PROVIDED MATERIAL =>
▽
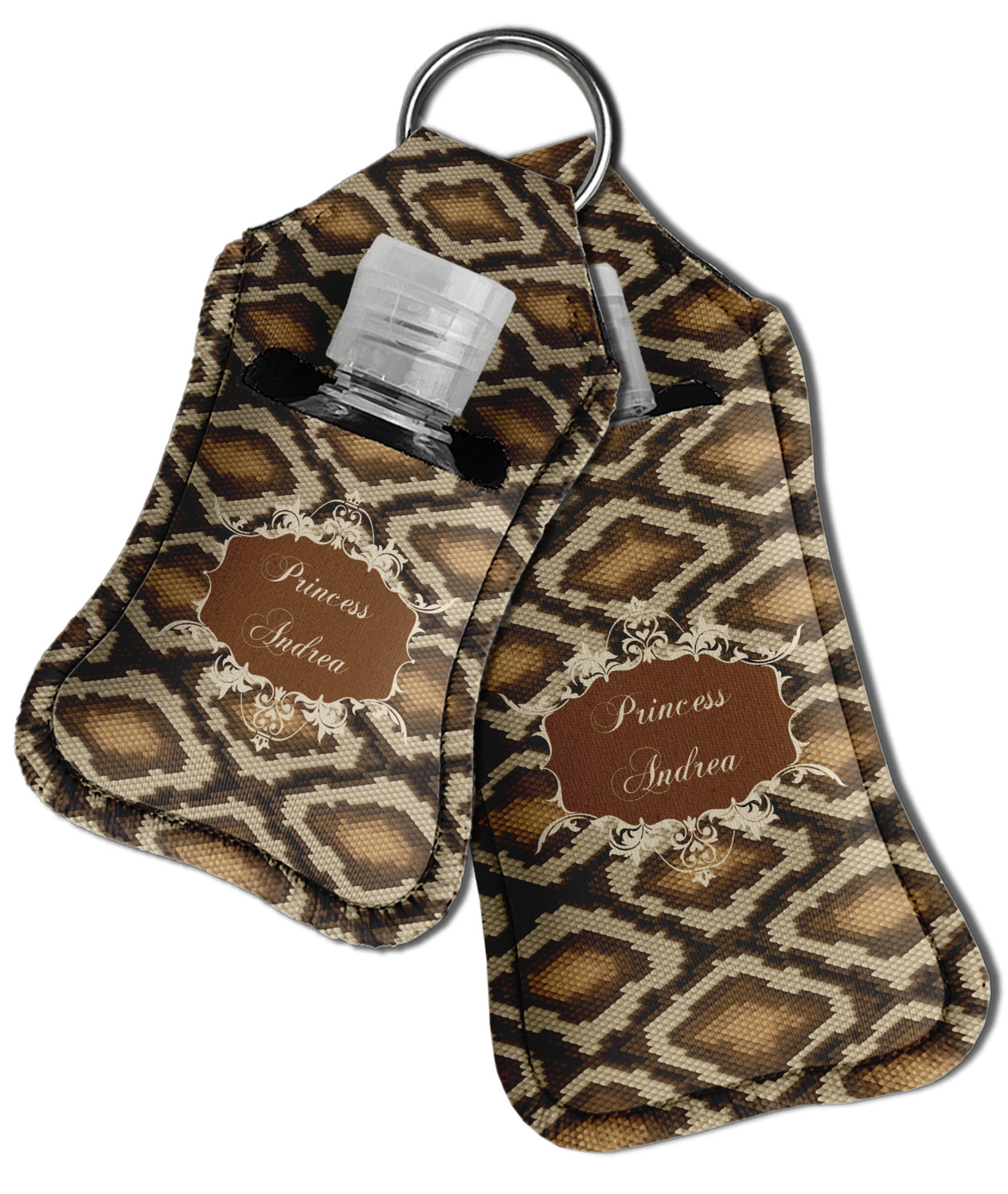 Each hand sanitizer holder comes with its own empty travel-sized, refillable hand sanitizer sure to fit snug in your customized sanitizer case! Our hand sanitizer cases are a durable, yet soft neoprene material sure to last any daily activities or travel agenda. Customize and personalize a hand sanitizer bottle holder with one of our two sizes - small (4.25" x 2.25") or large (5.5" x 2.5"). Each travel sanitizer holder comes with a keyring for attachment on bags, keys, or more!
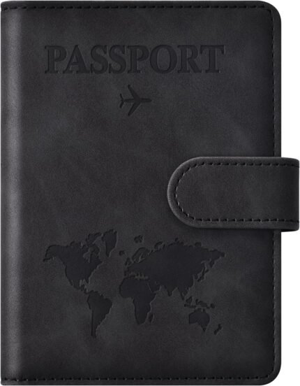 Eoehro Passport Holder for Travel Essentials, Passport Wallet Cover Case for Travel Must Haves Accessories,Passport Book Holders for Women and Men(black)
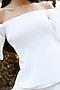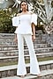 Featuring a white off shoulder pluss top in taffeta base with puffed sleeves and pleats. It is paired with matching bell bottom pants in crepe base.
△
EXERCISE DETAILS => Copy every line of the listing above exactly. Leave each picture out.

OUTPUT FOR THIS EXERCISE =>
 Each hand sanitizer holder comes with its own empty travel-sized, refillable hand sanitizer sure to fit snug in your customized sanitizer case! Our hand sanitizer cases are a durable, yet soft neoprene material sure to last any daily activities or travel agenda. Customize and personalize a hand sanitizer bottle holder with one of our two sizes - small (4.25" x 2.25") or large (5.5" x 2.5"). Each travel sanitizer holder comes with a keyring for attachment on bags, keys, or more!
 Eoehro Passport Holder for Travel Essentials, Passport Wallet Cover Case for Travel Must Haves Accessories,Passport Book Holders for Women and Men(black)
 Featuring a white off shoulder pluss top in taffeta base with puffed sleeves and pleats. It is paired with matching bell bottom pants in crepe base.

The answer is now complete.